I think if you put a satin sheen- not a gloss- it will mellow it a bit. If you want to add just a little of your stain in the finish, ( not so much that you are graining with the brush) it will soften the look a bit also. But if the color overall is acceptable to you, I'd go with it.


----------



## LidoGirl (Oct 21, 2011)

The contrast is too much, they are too rustic looking for me. I wanted a more contemporary look. The pictures don't look as bad as they do in person either, there's a lot of splotches and stains that showed up that I expected the dark color to hide. Thanks for all the advice, i wish I liked them as much as you guys do .


----------



## Matthewt1970 (Sep 16, 2008)

jsheridan said:


> When we did we start recommending standard trim enamel on a surface to be walked on?
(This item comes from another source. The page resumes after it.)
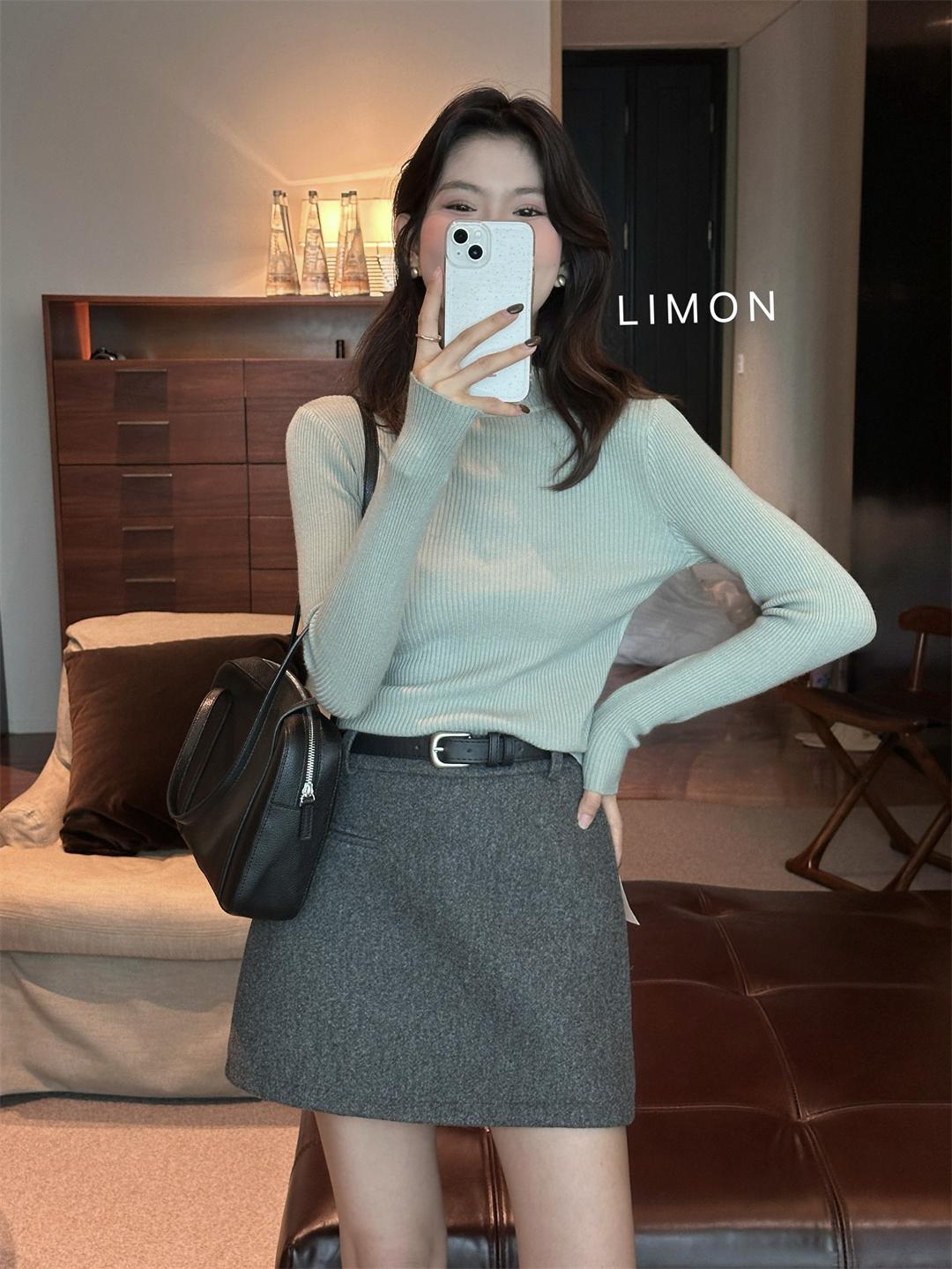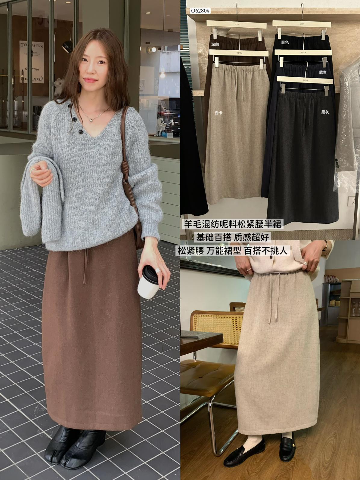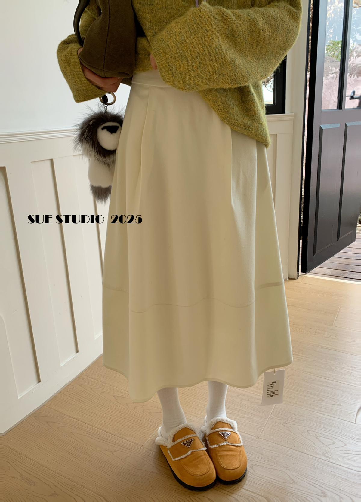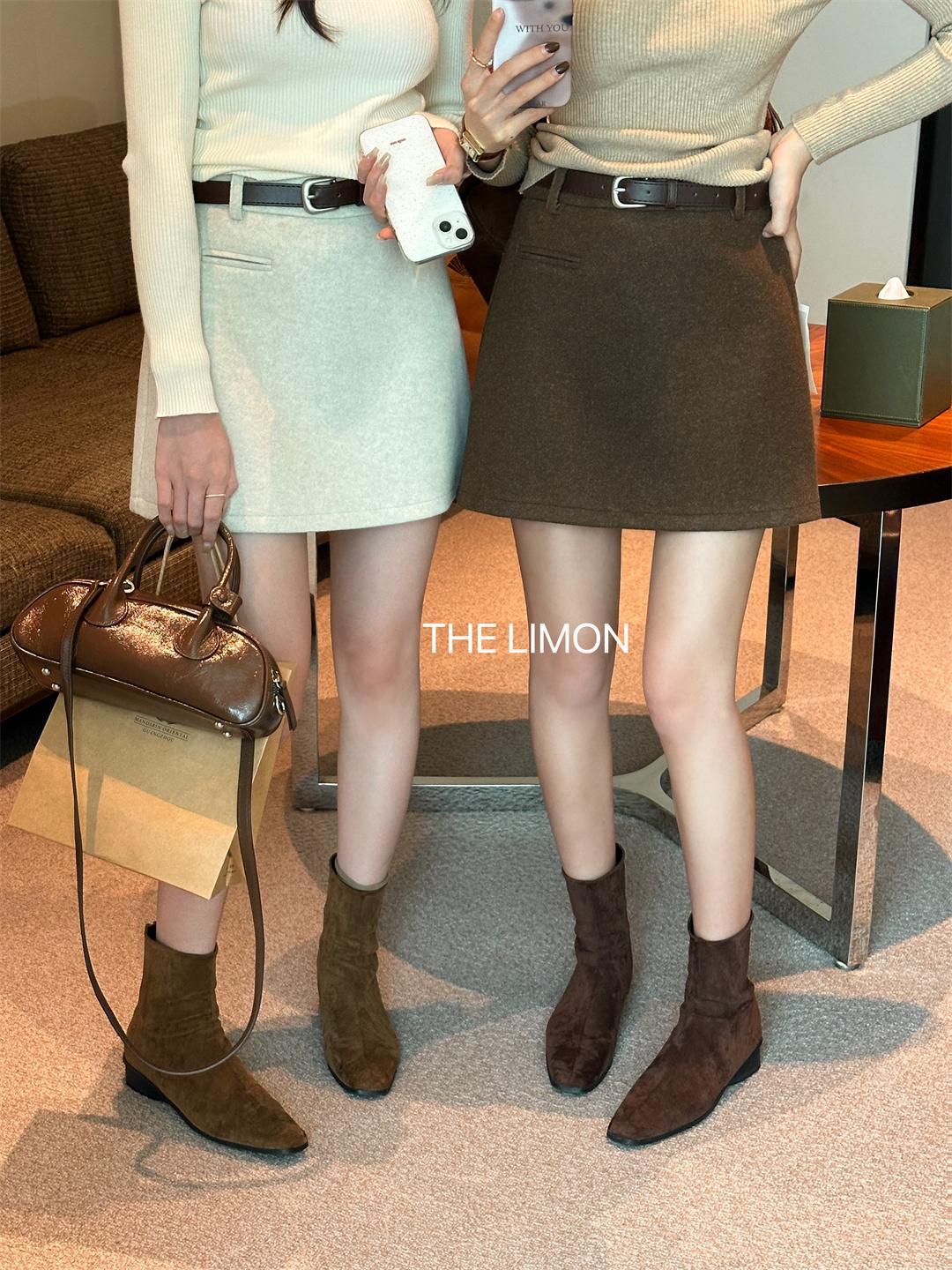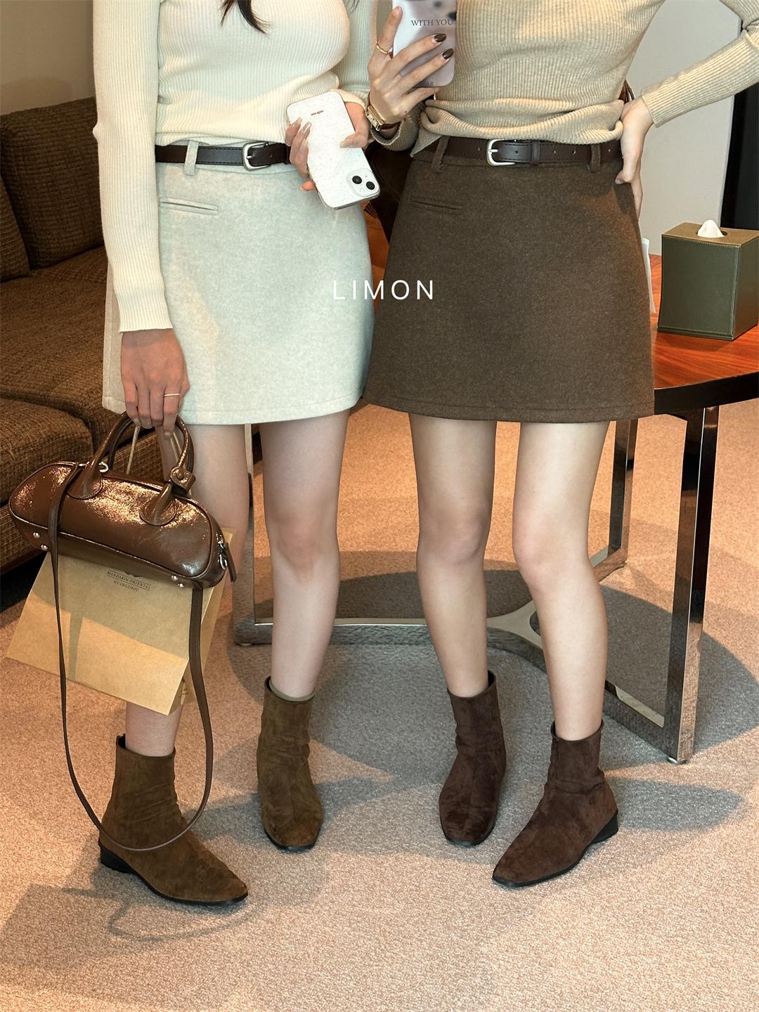 【C7496】王炸款毛呢半裙!高級感高腰顯瘦半身裙(配腰帶)
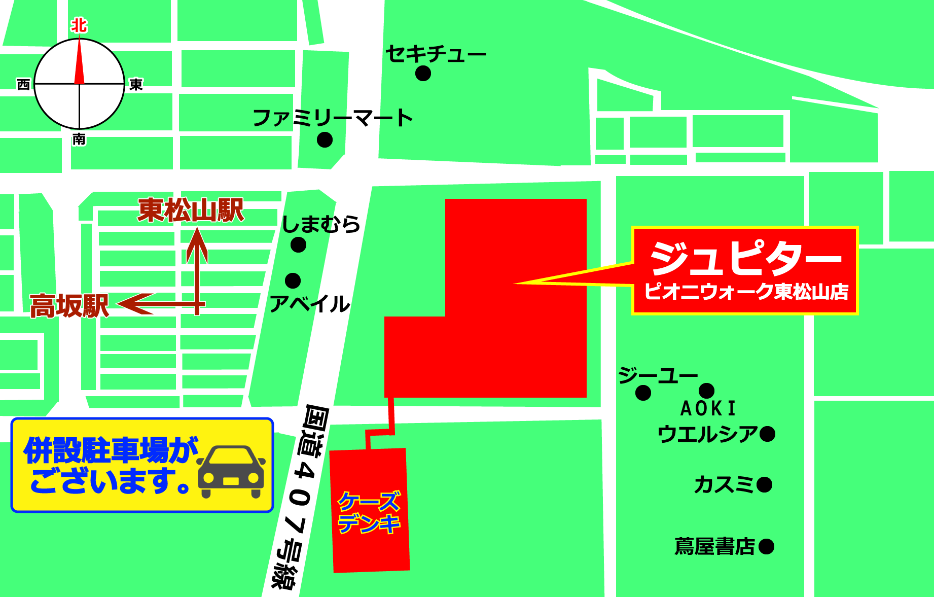 1階 「中央催事場」近くにジュピターがございます。![]() ・東武東上線「高坂駅」東口出口より 徒歩約15分 ![]() ・東武東上線線「坂駅」東口〜高坂郵便局前経由 〜ピオニウォーク東松山(所要時間5分) 川越観光自動車 路線バス(有料) ![]() ・ 関越自動車道…東松山ICより 約6km ・ 関越自動車道…鶴ヶ島ICより 約6km |

Did I miss a memo? lol I suggest a porch and floor enamel.


This. And even the floor enamel in OIL will eventually chip. If it were me I would opt for a 2 part epoxy and NOT the water based version. Now you have to wory about traction. Have you considered carpet?


----------



## Ironlight (Apr 13, 2011)

More coats! Let it sit! Seriously, that will reduce the contrast because the darker areas will not get much darker while the lighter parts will. At the very least try a few more coats on one step to see if it improves it more to your liking.

And the poly on top of it will darken it and decrease the contrast a bit as well. Tinting the poly will help further in that respect.

As for removing it, you'd need to sand it out. Stain penetrates the wood. You need to remove the stained wood, essentially.


----------



## jsheridan (Jan 30, 2011)

Matthewt1970 said:


> This. And even the floor enamel in OIL will eventually chip. If it were me I would opt for a 2 part epoxy and NOT the water based version. Now you have to wory about traction. Have you considered carpet?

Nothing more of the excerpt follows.